WLIN-FM
- Durant, Mississippi; United States;
- Broadcast area: Durant-Kosciusko, Mississippi
- Frequency: 103.7 MHz
- Branding: Breezy 103

Programming
- Format: Adult contemporary

Ownership
- Owner: Boswell Media, LLC
- Sister stations: WCKK, WKOZ-FM

History
- First air date: 1997
- Former call signs: WKOZ-FM (1997)
- Former frequencies: 101.1 MHz (1997–2025)

Technical information
- Licensing authority: FCC
- Facility ID: 78151
- Class: C3
- ERP: 8,400 watts
- HAAT: 100 meters (328 feet)
- Transmitter coordinates: 33°03′51.00″N 89°36′12.00″W﻿ / ﻿33.0641667°N 89.6033333°W

Links
- Public license information: Public file; LMS;
- Webcast: Listen Live
- Website: www.breezynews.com

= WLIN-FM =

WLIN-FM (103.7 FM, "Breezy 103") is a radio station licensed to serve the community of Durant, Mississippi.
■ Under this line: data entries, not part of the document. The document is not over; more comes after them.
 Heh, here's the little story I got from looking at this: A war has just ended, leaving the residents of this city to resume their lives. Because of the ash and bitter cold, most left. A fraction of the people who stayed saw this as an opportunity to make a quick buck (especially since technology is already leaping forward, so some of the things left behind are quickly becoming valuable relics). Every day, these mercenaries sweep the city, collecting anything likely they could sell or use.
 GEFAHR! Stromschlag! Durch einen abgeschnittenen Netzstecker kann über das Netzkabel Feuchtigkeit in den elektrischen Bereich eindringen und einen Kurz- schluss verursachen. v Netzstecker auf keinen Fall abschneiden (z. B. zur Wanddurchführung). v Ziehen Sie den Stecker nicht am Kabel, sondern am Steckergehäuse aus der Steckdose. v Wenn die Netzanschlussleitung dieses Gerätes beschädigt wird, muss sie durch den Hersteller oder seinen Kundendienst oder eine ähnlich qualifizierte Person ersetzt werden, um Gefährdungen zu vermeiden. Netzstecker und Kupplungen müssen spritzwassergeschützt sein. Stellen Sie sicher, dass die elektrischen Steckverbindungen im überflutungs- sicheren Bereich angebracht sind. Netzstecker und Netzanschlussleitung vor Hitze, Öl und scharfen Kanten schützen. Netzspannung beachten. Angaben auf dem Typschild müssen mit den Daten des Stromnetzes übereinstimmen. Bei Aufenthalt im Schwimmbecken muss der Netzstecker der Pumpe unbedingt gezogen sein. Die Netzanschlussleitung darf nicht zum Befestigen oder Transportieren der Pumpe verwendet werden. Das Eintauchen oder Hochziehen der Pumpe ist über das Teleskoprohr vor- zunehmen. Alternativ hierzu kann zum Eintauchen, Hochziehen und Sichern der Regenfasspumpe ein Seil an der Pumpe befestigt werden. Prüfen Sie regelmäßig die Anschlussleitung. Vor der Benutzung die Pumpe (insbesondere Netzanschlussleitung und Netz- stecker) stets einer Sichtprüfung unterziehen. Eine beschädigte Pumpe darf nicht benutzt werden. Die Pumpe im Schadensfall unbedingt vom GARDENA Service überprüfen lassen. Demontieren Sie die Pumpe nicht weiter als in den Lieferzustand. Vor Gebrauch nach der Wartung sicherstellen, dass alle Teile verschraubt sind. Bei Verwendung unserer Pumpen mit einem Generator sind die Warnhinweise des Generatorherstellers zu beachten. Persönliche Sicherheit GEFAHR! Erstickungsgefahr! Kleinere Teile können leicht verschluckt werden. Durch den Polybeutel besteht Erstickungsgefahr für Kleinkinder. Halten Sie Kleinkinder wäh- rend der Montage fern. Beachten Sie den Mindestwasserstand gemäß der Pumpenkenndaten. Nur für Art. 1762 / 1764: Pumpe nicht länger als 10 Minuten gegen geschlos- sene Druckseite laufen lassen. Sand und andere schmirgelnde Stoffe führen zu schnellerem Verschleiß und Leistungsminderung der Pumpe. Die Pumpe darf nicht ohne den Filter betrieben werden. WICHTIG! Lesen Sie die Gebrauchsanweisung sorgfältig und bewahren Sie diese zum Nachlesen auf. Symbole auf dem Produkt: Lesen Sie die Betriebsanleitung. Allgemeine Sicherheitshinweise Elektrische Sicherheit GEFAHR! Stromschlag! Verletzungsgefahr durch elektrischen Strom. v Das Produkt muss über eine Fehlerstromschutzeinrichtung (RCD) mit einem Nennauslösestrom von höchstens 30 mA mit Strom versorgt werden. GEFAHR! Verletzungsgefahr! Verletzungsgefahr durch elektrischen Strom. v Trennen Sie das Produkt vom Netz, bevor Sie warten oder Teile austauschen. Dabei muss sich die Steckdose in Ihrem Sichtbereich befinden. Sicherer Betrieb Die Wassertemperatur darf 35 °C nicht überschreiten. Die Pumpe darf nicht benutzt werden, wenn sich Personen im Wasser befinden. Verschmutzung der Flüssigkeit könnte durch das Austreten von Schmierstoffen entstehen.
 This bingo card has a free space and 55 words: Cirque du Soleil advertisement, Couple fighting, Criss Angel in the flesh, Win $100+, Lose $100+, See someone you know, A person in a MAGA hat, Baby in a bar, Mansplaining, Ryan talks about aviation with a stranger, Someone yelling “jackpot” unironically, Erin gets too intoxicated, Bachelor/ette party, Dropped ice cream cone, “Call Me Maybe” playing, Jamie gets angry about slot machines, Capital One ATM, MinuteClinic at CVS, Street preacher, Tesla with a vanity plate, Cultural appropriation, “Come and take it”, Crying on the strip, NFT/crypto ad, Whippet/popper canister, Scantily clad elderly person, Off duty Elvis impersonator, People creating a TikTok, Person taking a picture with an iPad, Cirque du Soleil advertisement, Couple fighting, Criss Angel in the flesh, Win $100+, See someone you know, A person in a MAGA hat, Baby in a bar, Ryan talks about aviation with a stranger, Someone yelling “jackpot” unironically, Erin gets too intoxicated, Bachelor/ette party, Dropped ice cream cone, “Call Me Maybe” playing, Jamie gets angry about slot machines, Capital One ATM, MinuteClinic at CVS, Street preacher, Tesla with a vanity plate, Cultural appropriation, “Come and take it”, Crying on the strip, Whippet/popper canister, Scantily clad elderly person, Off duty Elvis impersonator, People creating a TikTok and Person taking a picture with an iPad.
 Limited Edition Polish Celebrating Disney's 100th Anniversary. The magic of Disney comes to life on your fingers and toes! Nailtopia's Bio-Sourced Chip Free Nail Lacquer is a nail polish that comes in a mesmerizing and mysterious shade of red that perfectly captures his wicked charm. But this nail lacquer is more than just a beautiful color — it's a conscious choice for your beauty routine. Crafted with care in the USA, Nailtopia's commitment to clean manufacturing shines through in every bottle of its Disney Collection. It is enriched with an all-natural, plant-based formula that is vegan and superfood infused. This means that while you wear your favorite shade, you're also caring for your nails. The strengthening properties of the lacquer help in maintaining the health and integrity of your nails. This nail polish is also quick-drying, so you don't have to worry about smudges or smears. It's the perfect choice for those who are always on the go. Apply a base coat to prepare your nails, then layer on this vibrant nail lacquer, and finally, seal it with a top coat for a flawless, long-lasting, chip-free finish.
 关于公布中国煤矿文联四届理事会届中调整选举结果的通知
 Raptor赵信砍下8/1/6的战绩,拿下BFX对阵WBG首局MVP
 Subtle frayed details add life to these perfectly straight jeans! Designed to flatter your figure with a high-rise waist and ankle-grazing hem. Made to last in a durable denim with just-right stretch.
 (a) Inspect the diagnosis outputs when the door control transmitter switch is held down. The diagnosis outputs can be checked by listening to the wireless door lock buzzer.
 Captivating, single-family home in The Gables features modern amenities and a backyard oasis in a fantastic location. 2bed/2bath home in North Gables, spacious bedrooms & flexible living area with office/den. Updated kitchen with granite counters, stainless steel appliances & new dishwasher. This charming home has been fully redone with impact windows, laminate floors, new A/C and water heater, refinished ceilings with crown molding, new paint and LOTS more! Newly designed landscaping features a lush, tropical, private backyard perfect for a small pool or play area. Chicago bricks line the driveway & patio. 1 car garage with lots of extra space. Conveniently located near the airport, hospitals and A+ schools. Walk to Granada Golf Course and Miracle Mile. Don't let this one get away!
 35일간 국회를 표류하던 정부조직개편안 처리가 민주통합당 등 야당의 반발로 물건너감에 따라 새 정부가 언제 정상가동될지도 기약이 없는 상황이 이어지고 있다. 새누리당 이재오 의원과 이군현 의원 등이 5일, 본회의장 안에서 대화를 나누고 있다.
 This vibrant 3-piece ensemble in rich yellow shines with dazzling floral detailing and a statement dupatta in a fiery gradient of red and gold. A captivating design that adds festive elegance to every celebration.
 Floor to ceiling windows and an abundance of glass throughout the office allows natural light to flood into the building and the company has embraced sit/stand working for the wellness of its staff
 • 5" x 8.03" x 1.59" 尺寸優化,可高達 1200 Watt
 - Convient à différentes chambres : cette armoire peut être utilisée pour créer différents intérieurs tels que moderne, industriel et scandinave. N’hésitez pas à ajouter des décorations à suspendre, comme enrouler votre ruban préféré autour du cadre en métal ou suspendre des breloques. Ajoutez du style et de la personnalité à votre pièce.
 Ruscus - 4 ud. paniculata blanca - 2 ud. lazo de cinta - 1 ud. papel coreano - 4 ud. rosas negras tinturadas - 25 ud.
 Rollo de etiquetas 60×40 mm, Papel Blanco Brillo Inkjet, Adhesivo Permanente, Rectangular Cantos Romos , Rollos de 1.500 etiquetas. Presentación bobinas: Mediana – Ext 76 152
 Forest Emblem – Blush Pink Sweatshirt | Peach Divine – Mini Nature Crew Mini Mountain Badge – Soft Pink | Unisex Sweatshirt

The station is owned by Boswell Media, LLC, and airs an adult contemporary format.

==History==
The station was assigned the call sign WKOZ-FM by the Federal Communications Commission on January 9, 1997. The station changed its call sign to WLIN-FM on March 3, 1997.

In July 2025, WLIN-FM improved its signal by moving to 103.7 MHz and changing to a nondirectional antenna. The ERP was increased with a slight decrease in HAAT.